__YOUR INSTRUCTIONS__: Copy out exactly, from the entries that follow, the line holding "A knife bayonet", the line holding "Last Year's Bus Stop Poster", and all lines between them, but no pictures.

__Collected data entries__:
──────

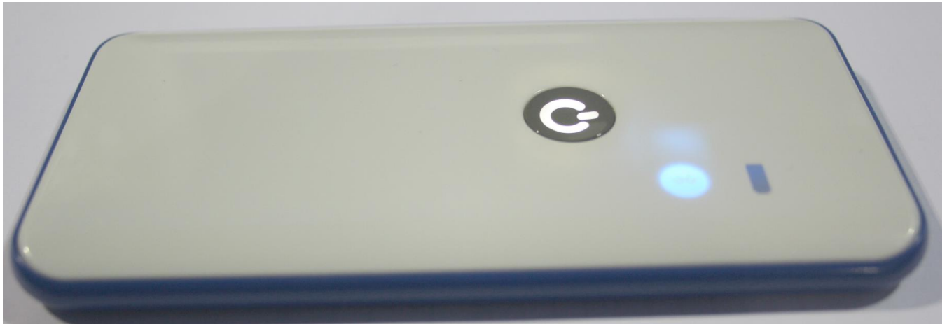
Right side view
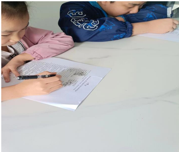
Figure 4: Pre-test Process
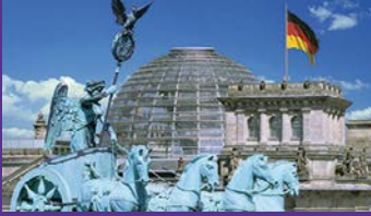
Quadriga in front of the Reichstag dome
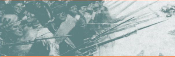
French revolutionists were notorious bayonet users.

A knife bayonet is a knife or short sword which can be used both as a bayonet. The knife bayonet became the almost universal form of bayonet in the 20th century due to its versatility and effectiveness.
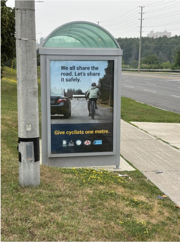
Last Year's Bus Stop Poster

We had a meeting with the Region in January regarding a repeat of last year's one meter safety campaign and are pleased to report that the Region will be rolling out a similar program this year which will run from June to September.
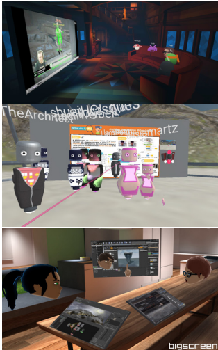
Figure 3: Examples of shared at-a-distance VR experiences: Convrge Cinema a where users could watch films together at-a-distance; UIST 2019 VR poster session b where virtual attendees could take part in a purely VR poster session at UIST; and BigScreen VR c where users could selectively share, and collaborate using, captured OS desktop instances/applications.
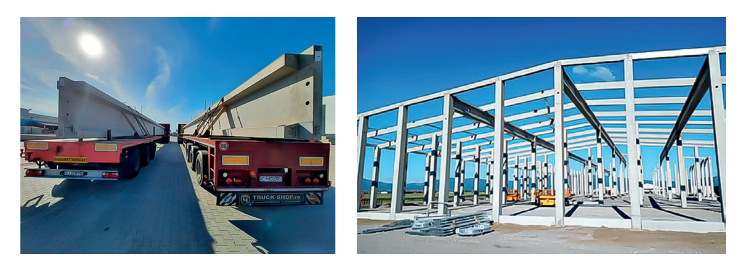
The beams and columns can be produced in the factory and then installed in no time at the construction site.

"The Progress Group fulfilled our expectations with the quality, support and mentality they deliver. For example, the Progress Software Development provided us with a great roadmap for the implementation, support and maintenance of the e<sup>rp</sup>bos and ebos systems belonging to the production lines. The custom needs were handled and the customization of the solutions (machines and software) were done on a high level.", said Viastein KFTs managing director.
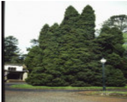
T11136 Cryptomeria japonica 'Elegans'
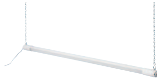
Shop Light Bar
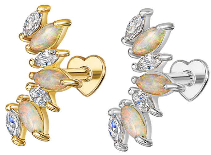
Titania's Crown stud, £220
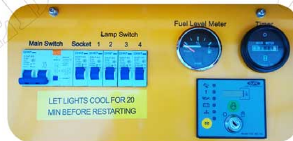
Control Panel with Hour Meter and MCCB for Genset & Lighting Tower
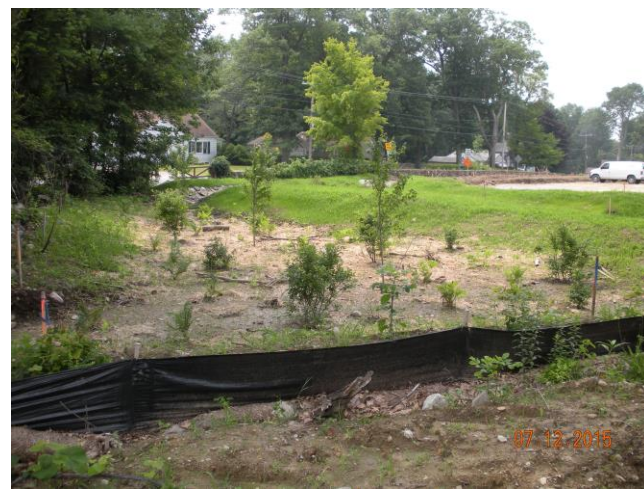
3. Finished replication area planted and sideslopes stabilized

──────

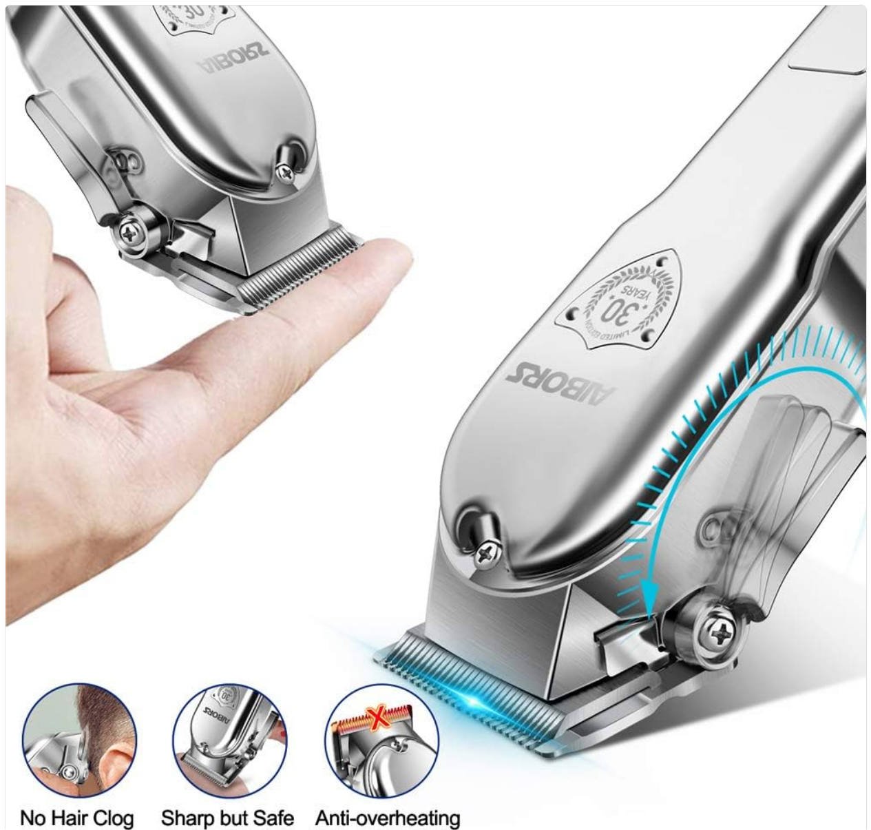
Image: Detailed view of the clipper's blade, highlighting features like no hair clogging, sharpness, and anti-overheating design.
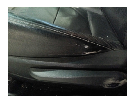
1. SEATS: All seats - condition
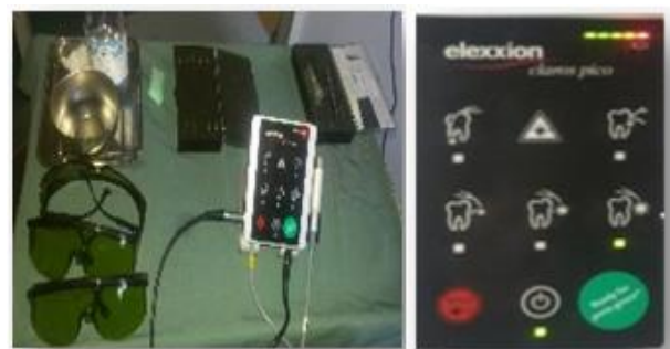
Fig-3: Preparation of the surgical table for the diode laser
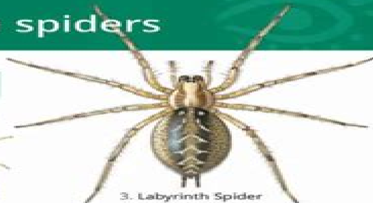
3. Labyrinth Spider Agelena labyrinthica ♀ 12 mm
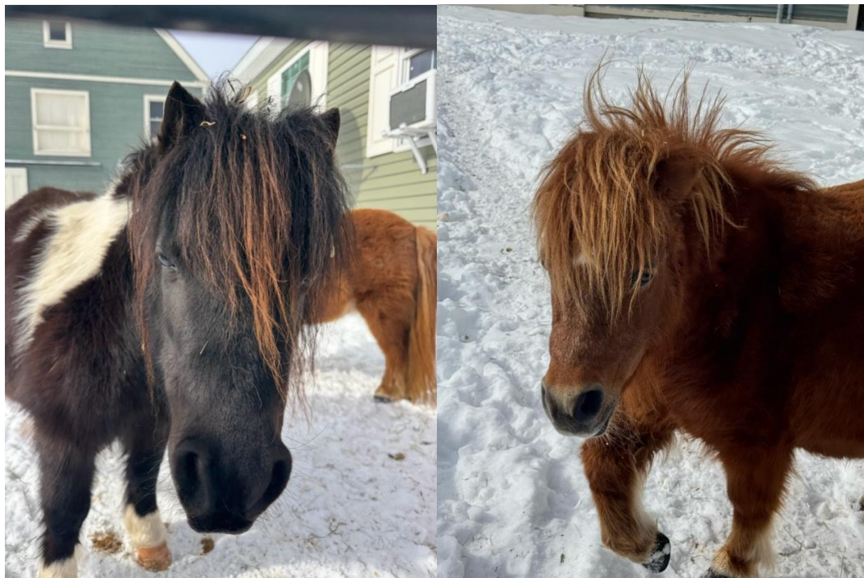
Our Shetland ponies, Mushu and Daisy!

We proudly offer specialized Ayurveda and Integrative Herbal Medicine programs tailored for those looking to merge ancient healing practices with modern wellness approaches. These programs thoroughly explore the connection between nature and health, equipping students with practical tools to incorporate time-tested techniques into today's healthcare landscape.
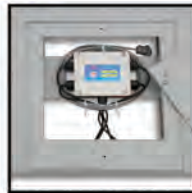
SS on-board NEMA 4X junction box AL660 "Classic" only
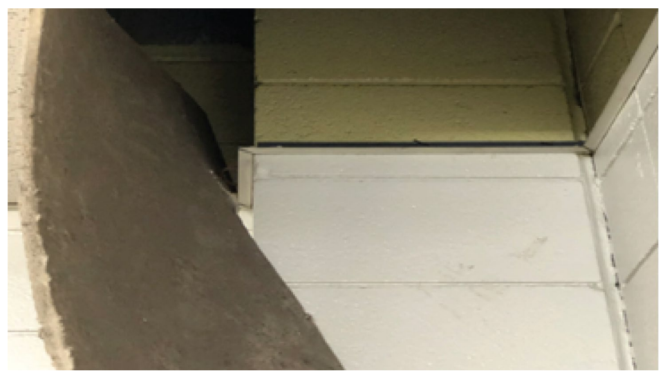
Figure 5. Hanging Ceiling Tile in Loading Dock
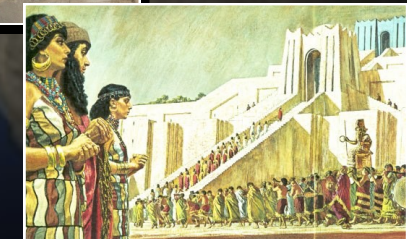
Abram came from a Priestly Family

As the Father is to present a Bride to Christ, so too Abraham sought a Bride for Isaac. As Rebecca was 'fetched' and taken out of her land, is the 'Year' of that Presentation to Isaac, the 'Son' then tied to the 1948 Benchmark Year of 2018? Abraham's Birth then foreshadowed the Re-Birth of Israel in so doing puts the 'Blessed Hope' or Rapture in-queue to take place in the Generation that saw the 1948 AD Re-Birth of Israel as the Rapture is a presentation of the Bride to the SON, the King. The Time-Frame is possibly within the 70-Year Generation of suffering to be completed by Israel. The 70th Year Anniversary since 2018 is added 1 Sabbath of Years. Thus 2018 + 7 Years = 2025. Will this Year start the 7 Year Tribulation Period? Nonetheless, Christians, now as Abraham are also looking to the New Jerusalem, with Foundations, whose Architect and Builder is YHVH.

──────

__RESULT BELOW__:
A knife bayonet is a knife or short sword which can be used both as a bayonet. The knife bayonet became the almost universal form of bayonet in the 20th century due to its versatility and effectiveness.
Last Year's Bus Stop Poster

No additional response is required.